The race and ethnicity data in Medicare's enrollment data have limitations, but can still be used in important health equity work if those limitations are recognized and accounted for during analysis.


Medicare is an essential part of the Nation's health care system, with 66 million people enrolled. The COVID-19 pandemic brought persistent disparities in health care access and outcomes to the forefront, including in the Medicare program. The Office of Inspector General (OIG) and the Centers for Medicare & Medicaid Services (CMS) have made advancing health equity a top priority. In order to address health disparities, it is important to assess them using accurate, complete, and comprehensive data. The results of these analyses can be used to tailor interventions aimed at improving disparities. The data can then be used to evaluate the efficacy of these interventions.
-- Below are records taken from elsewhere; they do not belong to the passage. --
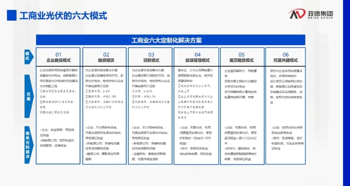 對于新能源的崛起,孔主席分享了玫德集團(tuán)近些年光伏新能源的實(shí)踐,并深入淺出的舉例介紹了對鑄造企業(yè)的實(shí)際經(jīng)濟(jì)價(jià)值,以及玫德新能源在工商業(yè)提供的六大定制化解決方案。
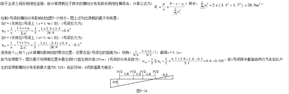 图7-33所示混凝土T形梁桥,其计算跨径为19.50m,全长19.96m,横截面布置如图所示。该主梁之间采用刚性连接,由5片主梁构成,跨中及支点设置横隔梁。主粱间距1.7m,边梁外悬臂长度为0.85m。桥梁设计荷载为公路—Ⅰ级。
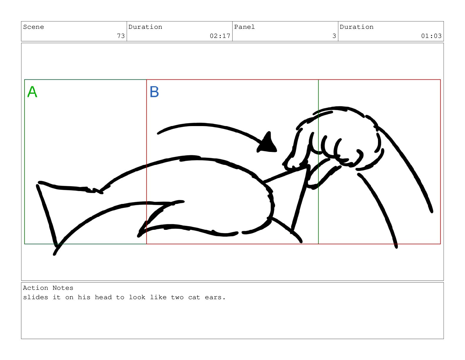 Scene 73 Duration 02:17 Panel 3 Duration 01:03 Action Notes
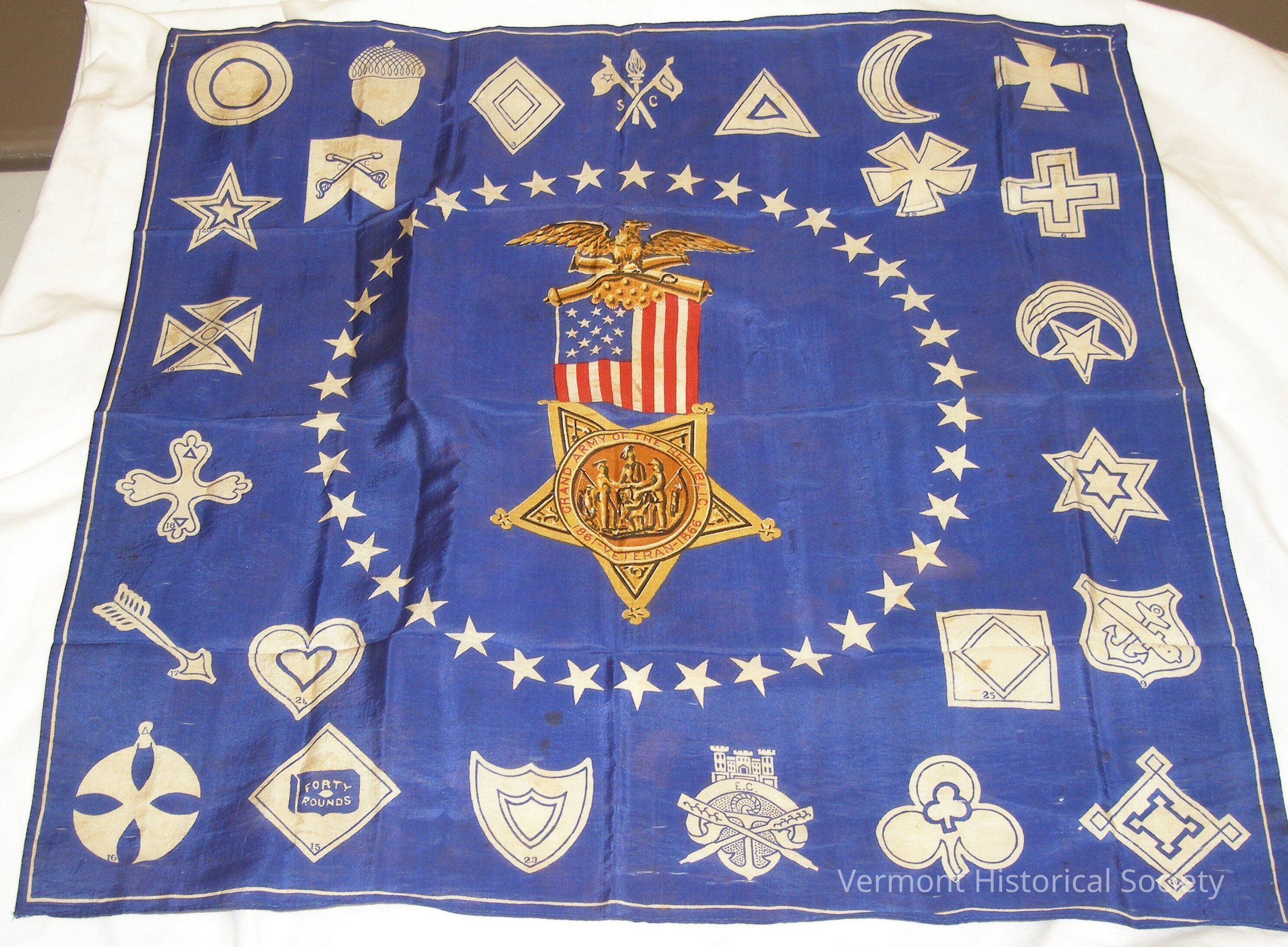 Square silk scarf. The printed scarf has a blue background and an image of a Grand Army of the Republic (GAR) membership ribbon at the center, printed in full color. The ribbon is surrounded by a circle of 40 stars. Outside the circle, printed in white, are several military symbols including various types of cross, stars, and banners.Acquisition
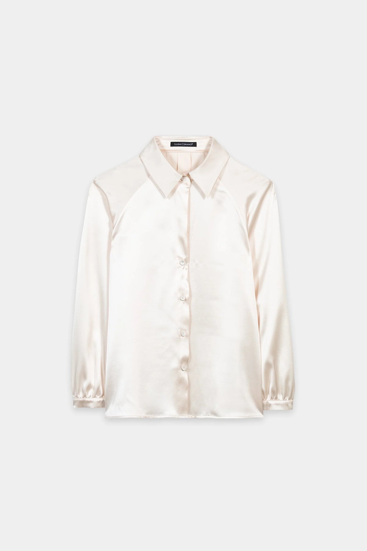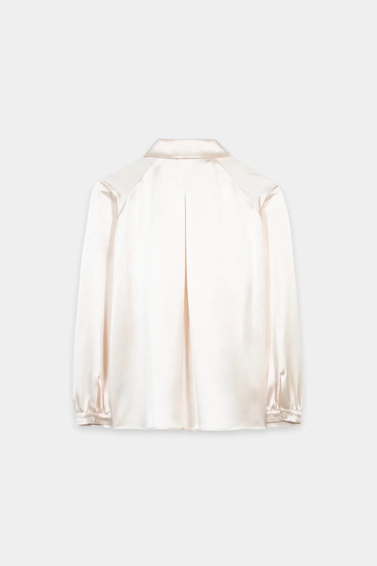 Polished and fluid, this satin blouse brings understated luxury with its lustrous finish and softly structured shape. A sharp collar and relaxed sleeves add effortless sophistication, while subtle gathering at the cuffs lends a delicate touch. Perfect for elevating everyday tailoring or pairing with evening separates.

Ultimately, success in advancing health equity hinges on a thorough understanding of the underlying data.

In June 2022, OIG issued a data brief, Inaccuracies in Medicare's Race and Ethnicity Data Hinder the Ability To Assess Health Disparities (OEI-02-21-00100), analyzing the quality of the race and ethnicity data for people enrolled in Medicare. That data brief makes constructive recommendations to CMS for improving the data.

As CMS works to implement these recommendations, improvements are expected to take several years to yield better data for health disparities research. Until then, the existing data remain a vital source for understanding one of the largest Federal programs and conducting health equity work.


This resource guide is a tool that provides practical information about the race and ethnicity data for people enrolled in Medicare. Specifically, using information derived from the prior data brief, it provides a concise, user-friendly explanation of the origins and limitations of Medicare's enrollment race and ethnicity data and offers considerations for the use of these data.

This guide is for public and private sector users of Medicare data, such as researchers, managed care organizations, Congress, and others, involved in health equity work.